Your answer must be the exact lines from the one with "Polycarbonate/Acrylonitrile Butadiene Styrene" to the end of the data, both included, with no pictures.

(Collection entries)

□ □ □ □

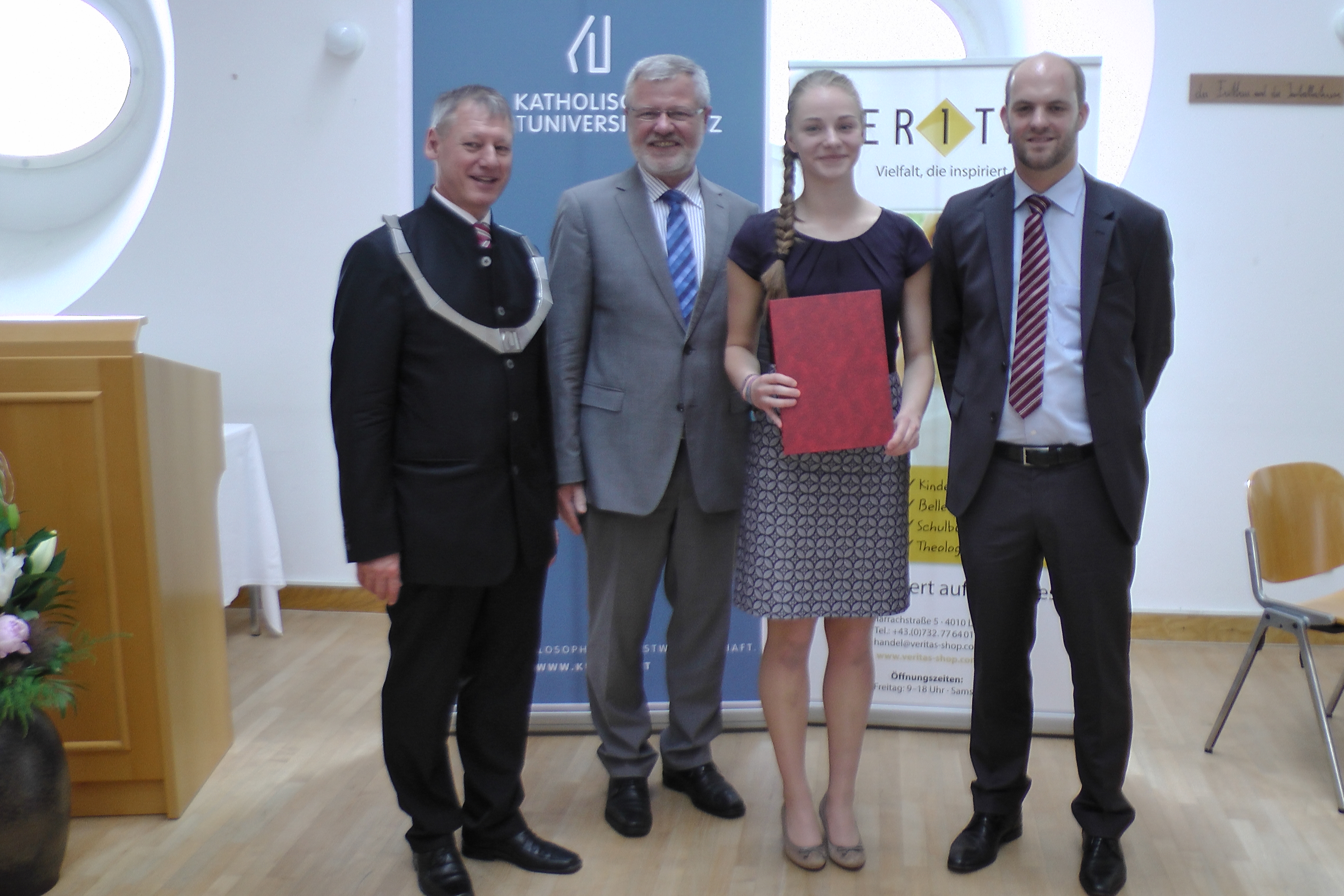 2016-07-02 Katholische Privat-Universität Linz, Foto von der feierlichen Überreichung des mit 500 Euro dotierten KUL-Preises durch den Rektor der Katholischen Privat-Universität Linz, Univ.-Prof. Dr. Franz Gruber und den Direktor des Bischöflichen Schulamtes der Diözese Linz, HR Mag. Franz Asanger, an Sibylle Maria Steinkellner, in Begleitung ihres Betreuungslehrers Mag. Paul Nedwed
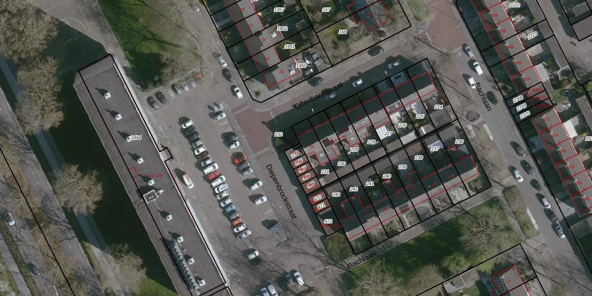 Gebruik de zoekbalk of klik op een perceel om informatie over het perceel te bekijken.
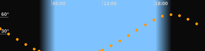 Höchster Stand (Kulmination)20:06 Uhr (h = 64.5°)
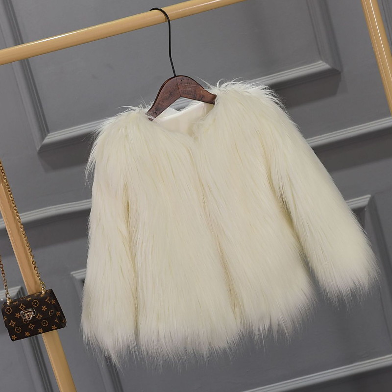 Kids Girls' Faux Fur Coat Solid Color Cute School Coat Outerwear 4 years Fall White Champagne Pink
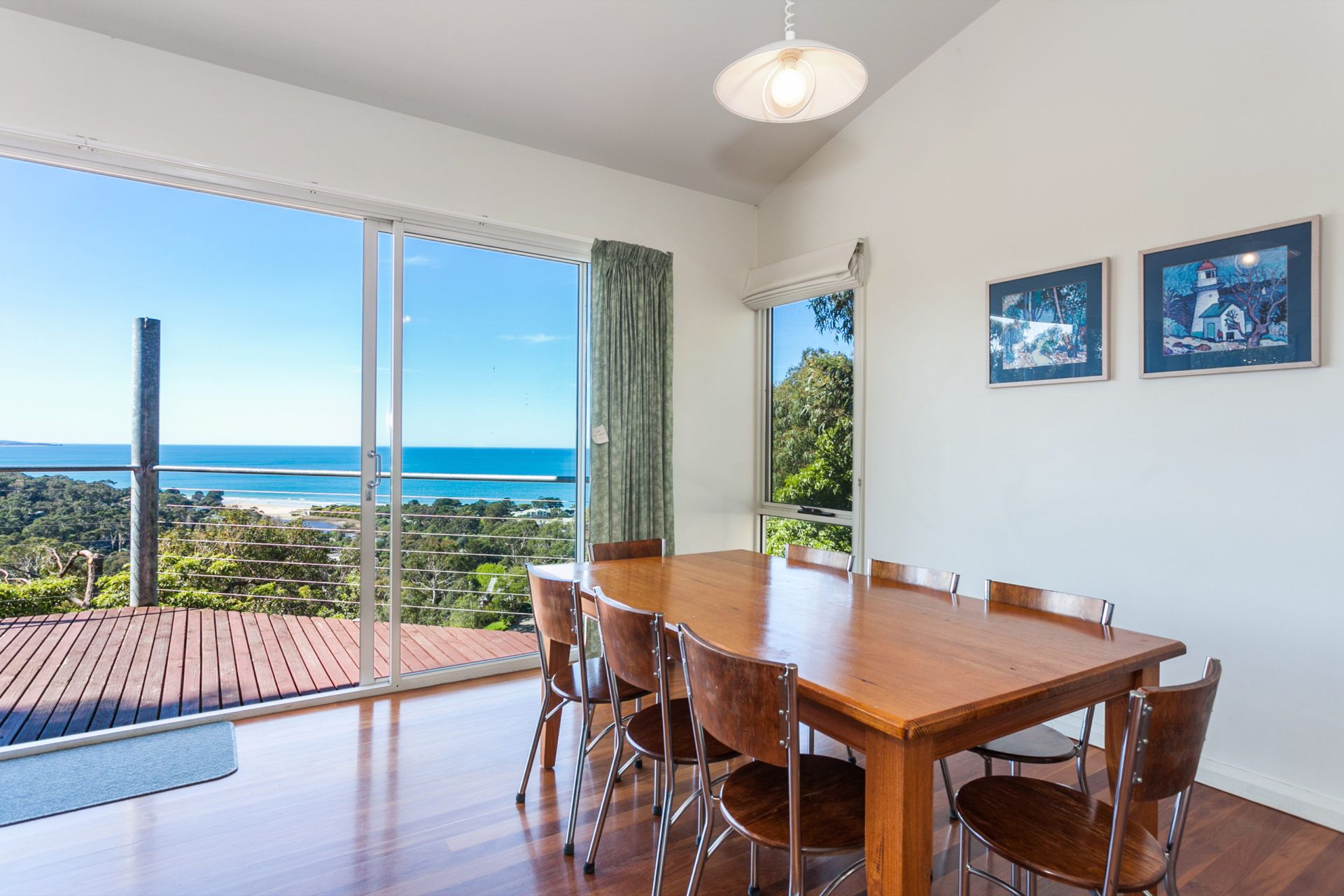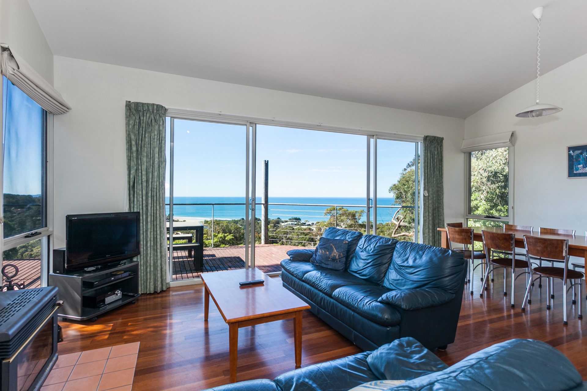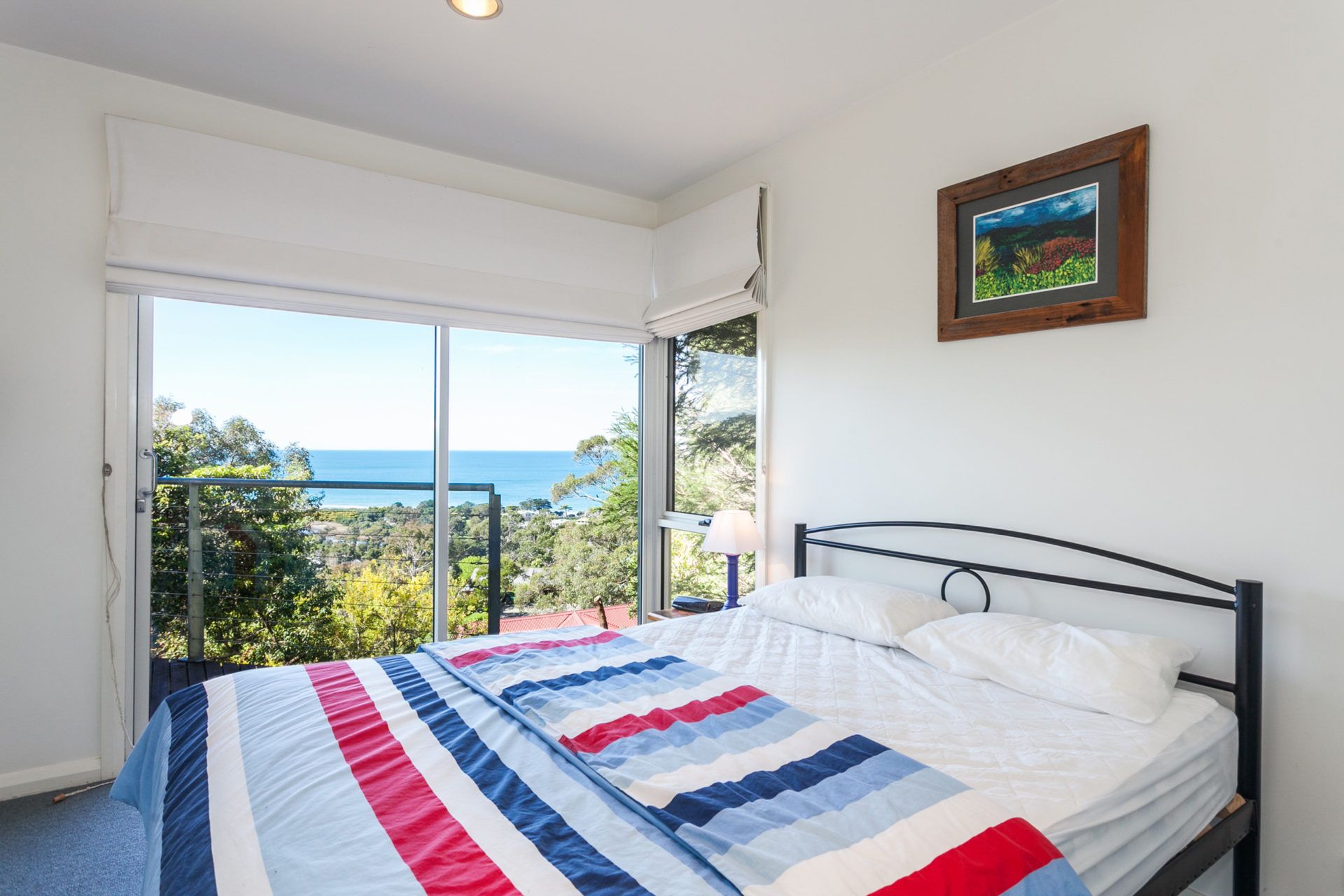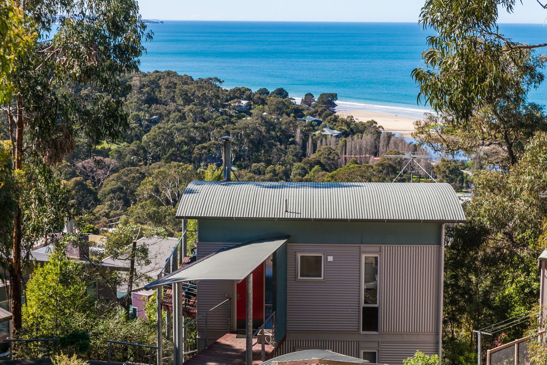 Modern double storey three bedroom property perched in the hills of Toorak Terrace, featuring open kitchen/living area with brilliant views of Loutitt Bay & Lorne township. All this is the scene for a fantastic relaxing holiday. Lounge room features flat screen TV.
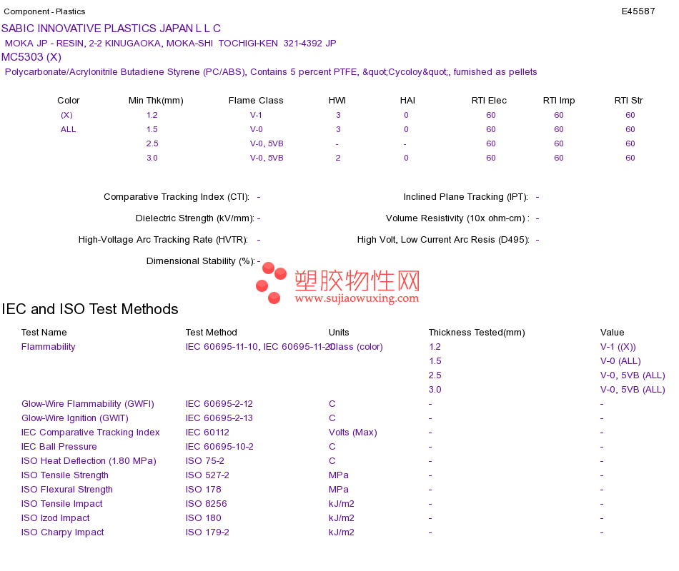 Polycarbonate/Acrylonitrile Butadiene Styrene (PC/ABS) MC5303 (X)UL黄卡资料请登陆会员后查看,如需电子档资料,请联系客服! 赵生:手机13424755533;QQ:27660005
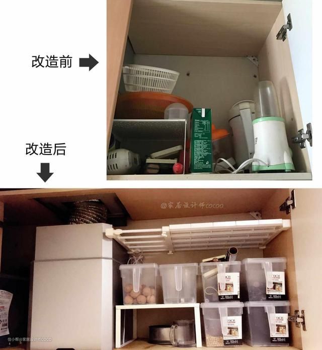 接下来就是解决橱柜内部收纳不足的问题。

□ □ □ □

* [ANSWER SPACE]
 Polycarbonate/Acrylonitrile Butadiene Styrene (PC/ABS) MC5303 (X)UL黄卡资料请登陆会员后查看,如需电子档资料,请联系客服! 赵生:手机13424755533;QQ:27660005
 接下来就是解决橱柜内部收纳不足的问题。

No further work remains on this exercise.